▶ **Work required**
Restate word for word the lines below from the one that has "Eddie Macken (born" through the one that has "Clicca e scopri", keeping both and dropping all pictures.

▶ **Study material**

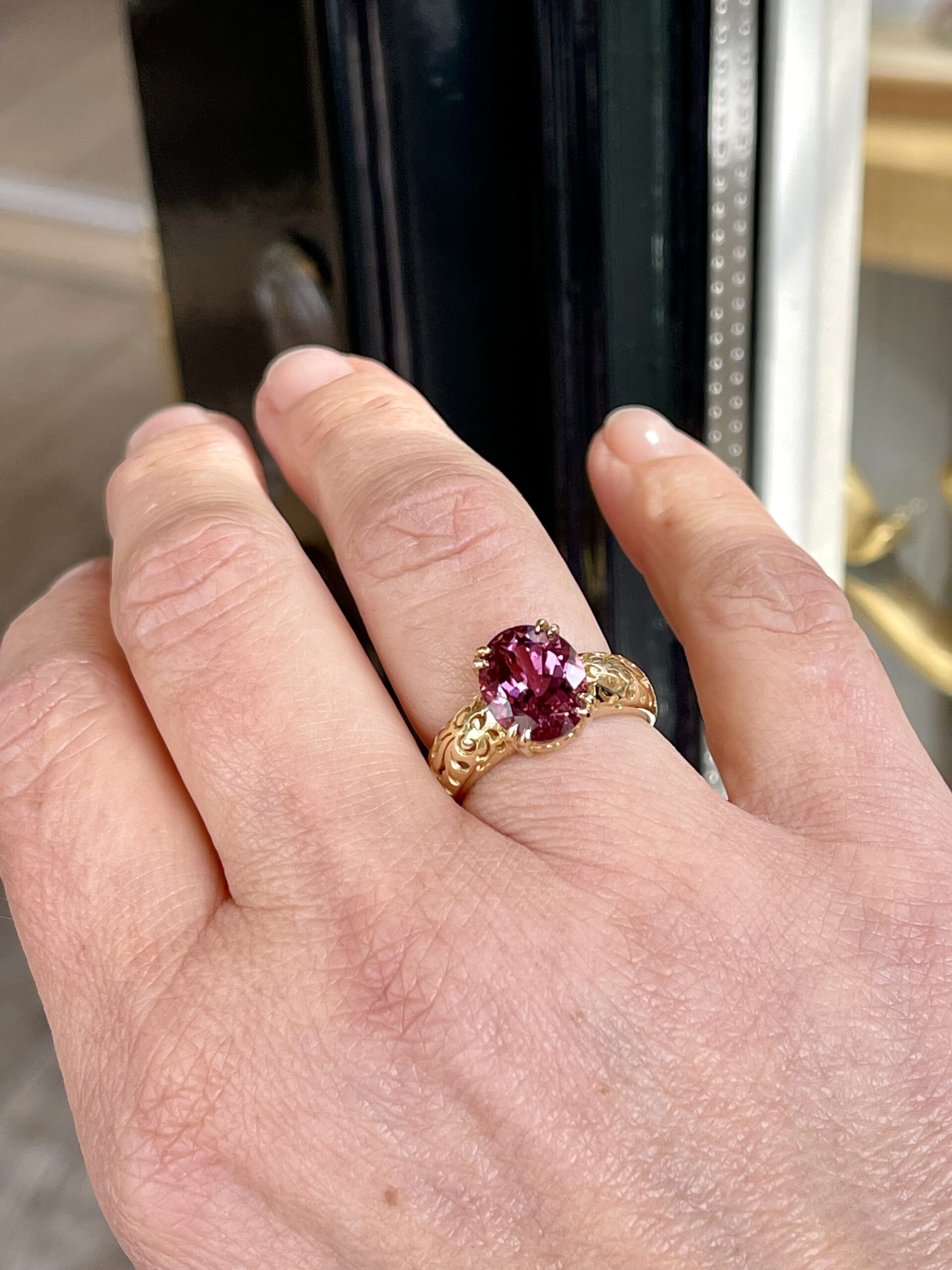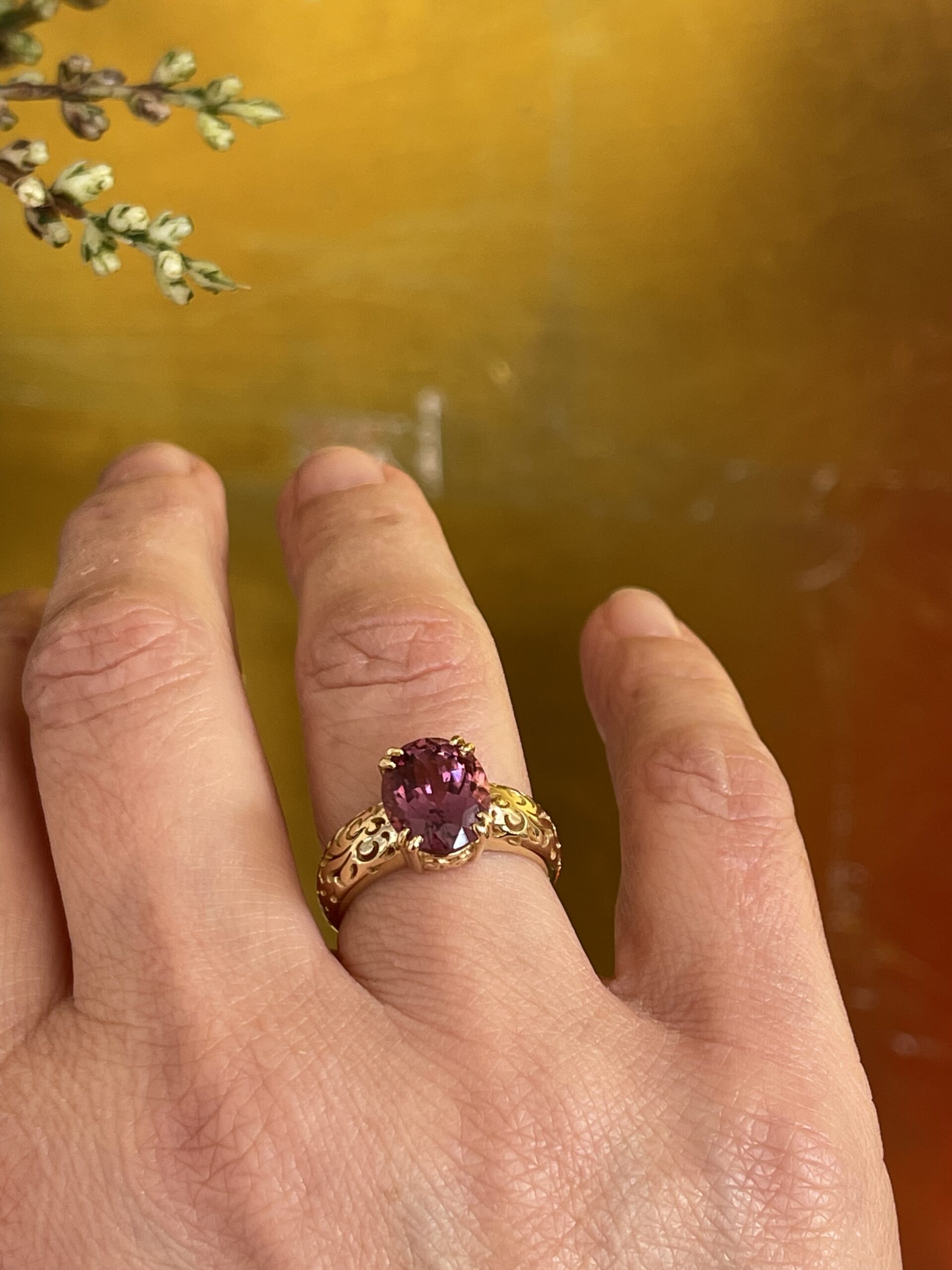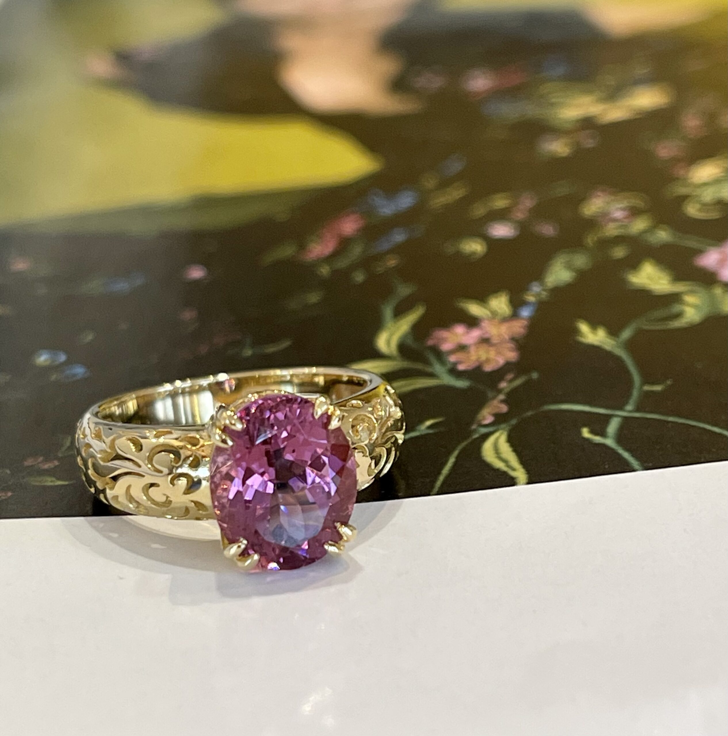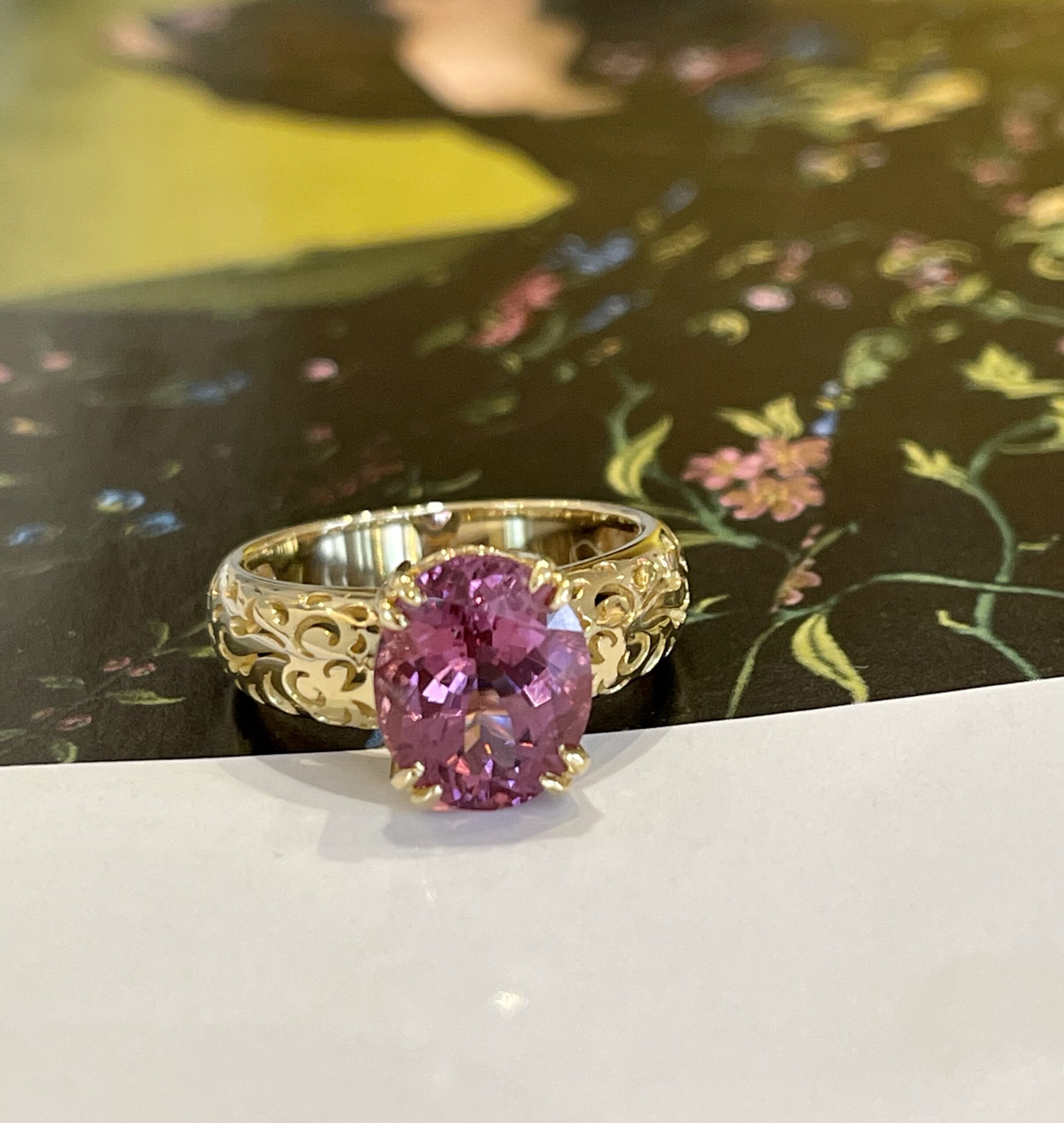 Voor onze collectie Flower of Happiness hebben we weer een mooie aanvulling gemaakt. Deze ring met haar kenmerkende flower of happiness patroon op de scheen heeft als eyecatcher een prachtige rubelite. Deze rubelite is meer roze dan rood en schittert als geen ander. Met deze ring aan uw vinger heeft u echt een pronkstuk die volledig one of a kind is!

--

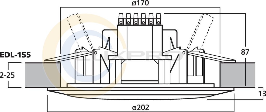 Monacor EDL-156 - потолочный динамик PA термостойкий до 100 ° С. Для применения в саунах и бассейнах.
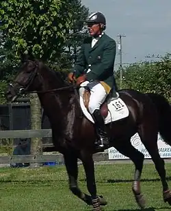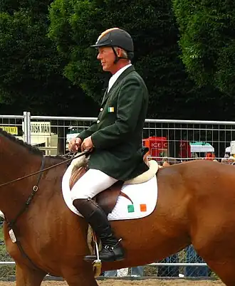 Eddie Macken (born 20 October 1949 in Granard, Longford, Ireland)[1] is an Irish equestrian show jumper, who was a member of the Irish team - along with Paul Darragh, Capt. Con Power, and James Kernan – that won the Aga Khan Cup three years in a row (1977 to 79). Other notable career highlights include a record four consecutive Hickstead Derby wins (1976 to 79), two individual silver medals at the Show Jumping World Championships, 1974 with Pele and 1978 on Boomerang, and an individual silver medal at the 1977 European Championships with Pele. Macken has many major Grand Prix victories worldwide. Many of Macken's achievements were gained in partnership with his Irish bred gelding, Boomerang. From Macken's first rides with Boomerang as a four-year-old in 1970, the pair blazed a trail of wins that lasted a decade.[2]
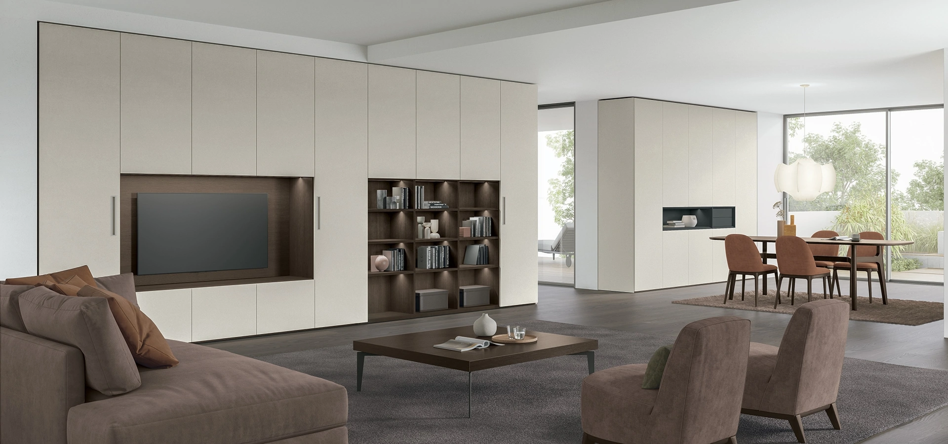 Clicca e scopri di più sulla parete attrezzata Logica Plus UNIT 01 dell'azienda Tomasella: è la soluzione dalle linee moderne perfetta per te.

▶ **Result of this exercise**
 Eddie Macken (born 20 October 1949 in Granard, Longford, Ireland)[1] is an Irish equestrian show jumper, who was a member of the Irish team - along with Paul Darragh, Capt. Con Power, and James Kernan – that won the Aga Khan Cup three years in a row (1977 to 79). Other notable career highlights include a record four consecutive Hickstead Derby wins (1976 to 79), two individual silver medals at the Show Jumping World Championships, 1974 with Pele and 1978 on Boomerang, and an individual silver medal at the 1977 European Championships with Pele. Macken has many major Grand Prix victories worldwide. Many of Macken's achievements were gained in partnership with his Irish bred gelding, Boomerang. From Macken's first rides with Boomerang as a four-year-old in 1970, the pair blazed a trail of wins that lasted a decade.[2]
 Clicca e scopri di più sulla parete attrezzata Logica Plus UNIT 01 dell'azienda Tomasella: è la soluzione dalle linee moderne perfetta per te.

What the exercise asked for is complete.